Sunday, April 22, 2012

Movie review - "The Scarlet Blade" (1965) **1/2 (warning: spoilers)

The English civil war hasn't been that terribly popular with movie makers, even swashbucklers - probably because while the Roundheads stood for things like parliamentary supremacy and democracy, the Cavaliers really were supporting a dictator - but they were the ones with the glamour (and better uniforms). So the heroes of this are Royalists trying to save King Charles I. We know they're not going to succeed, so then it becomes about whether our heroes are going to escape.

This film does try something new for swashbucklers - many of the characters are conflicted. It's mostly set at an old English house (a good idea - helps hide the low budget) with Lionel Jeffries in fine form as a roundhead keen to kick some royalist but - but his daughter June Thorburn is a royalist and his lieutenant Oliver Reed (excellent) is in love with Thorburn and so ends up betraying his cause. 

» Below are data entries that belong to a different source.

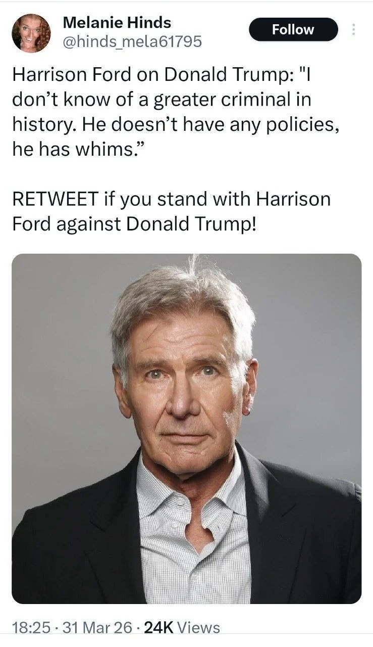 هریسون فورد بازیگر آمریکایی: جنایتکاری بزرگتر از ترامپ در تاریخ نمیشناسم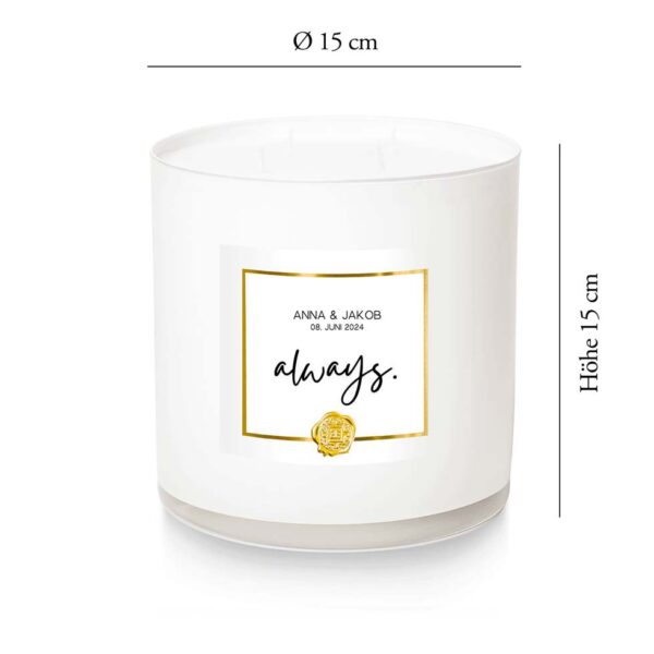 Diese elegante, große Hochzeitskerze im Glas wird mit euren Namen und dem Hochzeitsdatum liebevoll für euch personalisiert.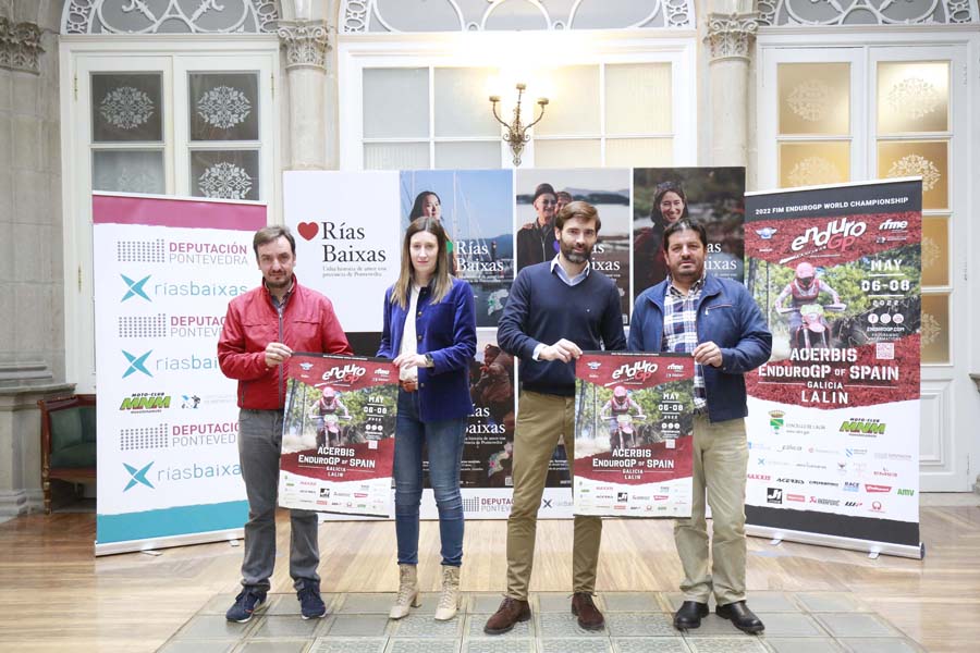 Todo está xa preparado para a esperada cita que do 6 ao 8 de maio subirá á provincia de Pontevedra ao podio do motociclismo internacional, a estrea do Mundial de Enduro GP 2022 en Lalín, unha competición que reunirá a un centenar das e dos mellores pilotos desta dura especialidade, procedentes de 17 países. O deputado provincial de Deportes, Gorka Gómez, presentou a cita no Pazo Provincial acompañado da deputada de Igualdade Victoria Alonso e do presidente da Federación Galega de Motociclismo, Jose Canda, subliñando a importancia deste evento, única proba do Mundial que se celebrará en España, e que prevé que se acheguen milleiros de persoas ao territorio.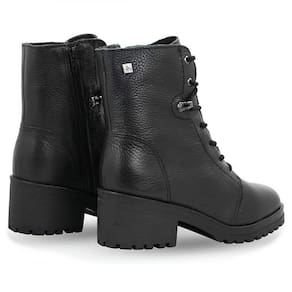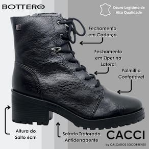Bota coturno em couro burnish. De solado tratorado médio. Possui fechamento prático na lateral interna facilitando o calce e proporcionando ajuste no pé. Detalhes em metal na cor onix.

These characters are a lot more complex than the lead - Jack Hedley who is the Scarlet Blade, a royalist do-gooder who was reported as killed in a battle and goes around the countryside using his non de plume. This sounds Zorro ish but the point of Zorro was he got to pretend to be a toff, which this doesn't do. It's a rather thankless role for Hedley, who isn't very charismatic (most romantic male leads for Hammer weren't), but the other male leads make up for it.

There's not enough action, but at least it's different: the big battle at the end is kind of pointless, Jeffries lets his daughter and her lover go free at the end, Jeffries shoots Reed. Not a success but a bit more different than say A Challenge for Robin Hood.